The Roman Catholic Church has said that Catholics should stop donating money to the human rights organization Amnesty International because of its support for some women to be allowed abortions. The head of the Vatican council for justice and peace Cardinal Renato Martino criticized Amnesty's recent change of policy, as that he thanked to God, there was no internationally recognized right to abortion. Amnesty responded by saying it was not promoting abortion as a universal right but that women had a right to choose.
The United States' House of Representatives has approved legislation tightened the rules on gun ownership in the wake of the Virginia Tech massacre. The bill would strengthen a federal database used to stop people who are banned from owning weapons from buying them. If the bill is approved by the Senate, it would be the most significant US gun control law in more than a decade.
World News from the BBC.
The former British Prime Minister Margaret Thatcher has marked the 25th anniversary of the end of the Falklands War by describing the outcome as a great victory in a noble course. Baroness Thatcher said aggression was reversed when British forces defeated Argentine troops who'd invaded the islands. Peter Grant describes the atmosphere there.
It's very much a mood of commemoration, celebration of the fact that Britain sent troops 8,000 miles to free them, but certainly commemoration and solemn commemoration of the losses incurred. 255 British servicemen died, more than 700 wounded. 650 Argentinean servicemen died in the conflict as well.

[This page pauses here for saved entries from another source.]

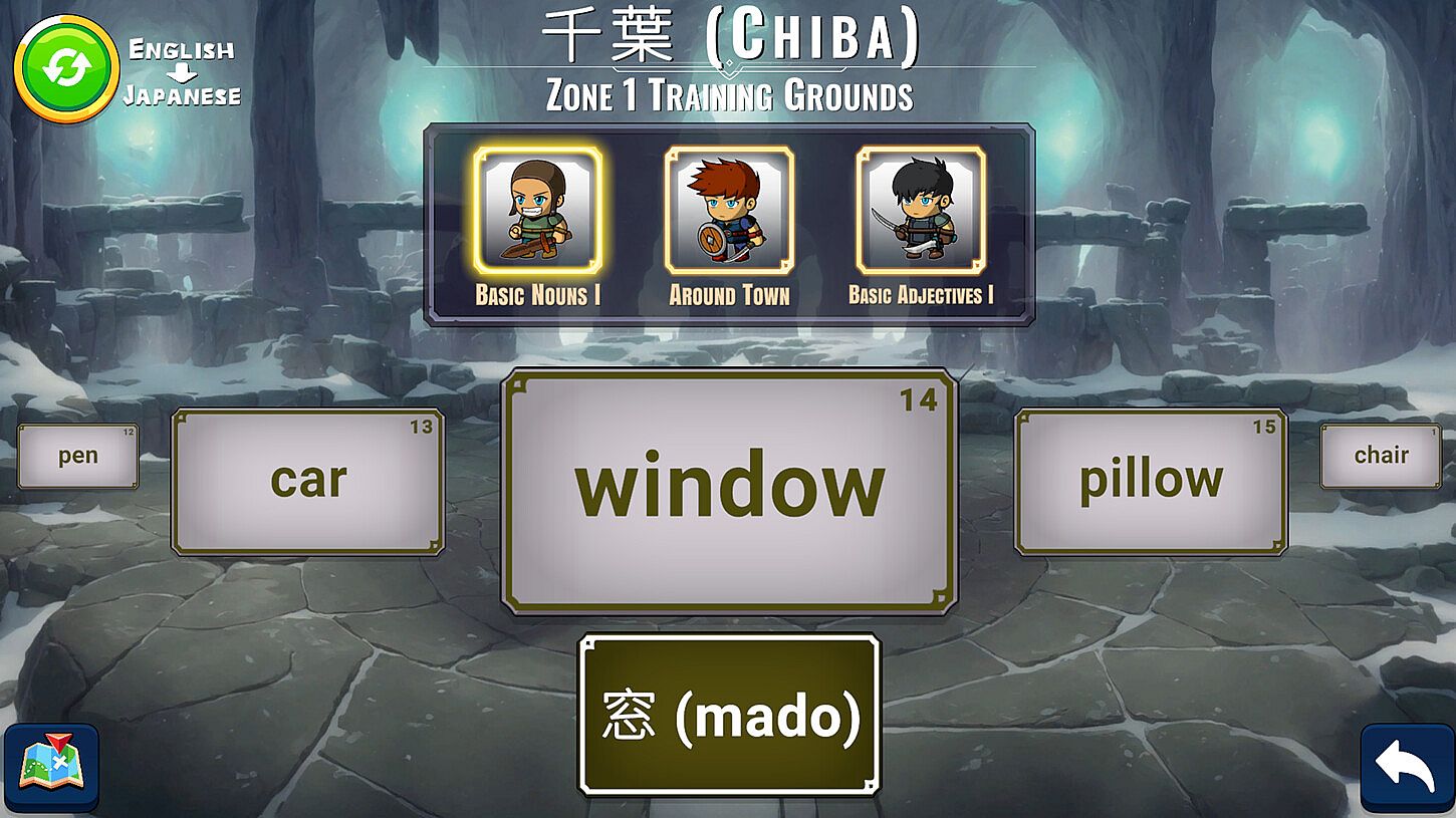 Need to brush up first with a more traditional flashcard experience? Review vocabulary in a self-paced non-combat environment before taking on your flashcard enemies. Too easy? Try Hardcore Mode for extra intensity (and extra experience!).
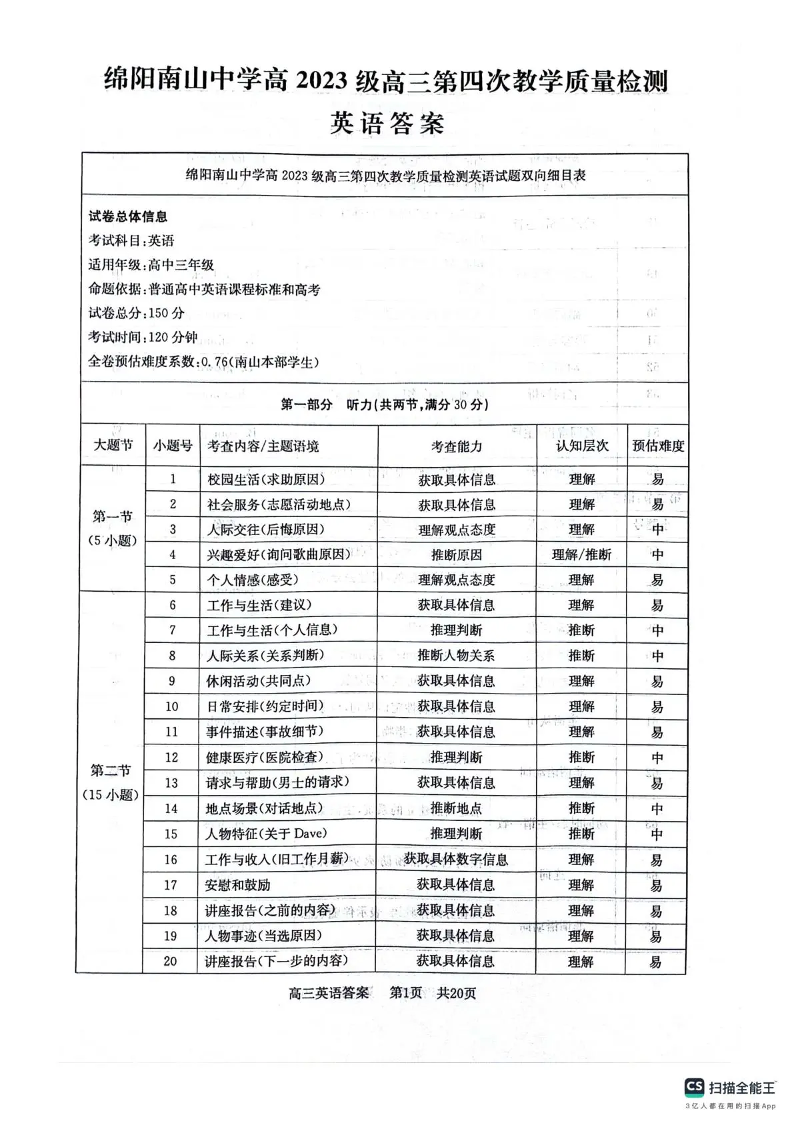 绵阳南山中学高2023级高三第四次教学质量检测 英语答案.pdf
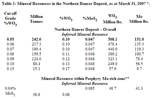 NI 43-101 RESOURCE ESTIMATE CONFIRMS NORTHERN DANCER (YUKON) AS ONE OF THE WORLD’S LARGEST AND MOST SIGNIFICANT MOLYBDENUM-TUNGSTEN DEPOSITS
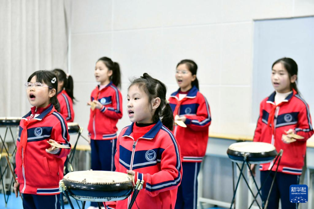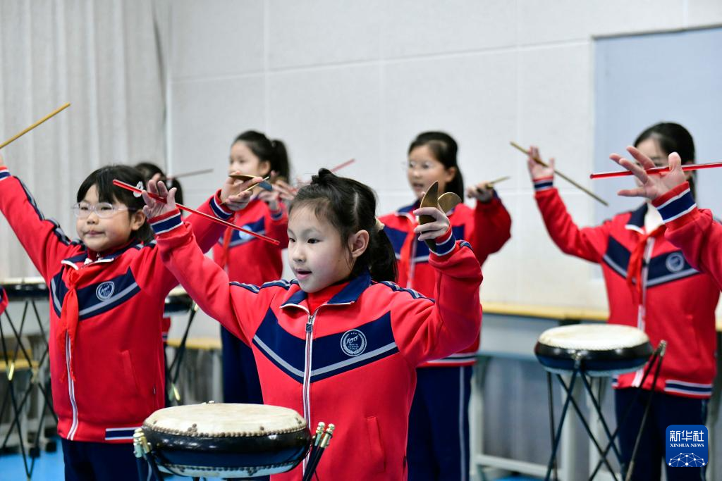 12月30日,在惠民县胡集镇第一小学,同学们学习西河大鼓。

So, a commemoration of a losses reflection on what happened but also celebrations of fact that the islands were freed from Argentinean rule and celebrations of fact that they’ve had 25 years of liberation.
Tens of thousands of South African Trades Unions have taken part in marches in several cities in support of a strike over pay by public sector workers. The nationwide strike call is reported to have been partially observed, but the head of the Congress of South African Trades Unions, Willie Madisha said he was pleased with the way the protest had gone.
"We are quite happy. This is a very successful action. Not only here in the Pretoria but everywhere in the country. It's an indication and that indeed people are angry, workers are not happy that they've negotiated that for more than eight months without achieving anything at all. So I own the hope that after this go off power by the workers, government will be able to move. "
Plans for a rocket plane to carry tourists into space have been unveiled in Paris. Each flight will give four passengers the opportunity to float in zero gravity for three minutes. The plane differs from other commercial spacecraft in that it will be able to take off from existing airports.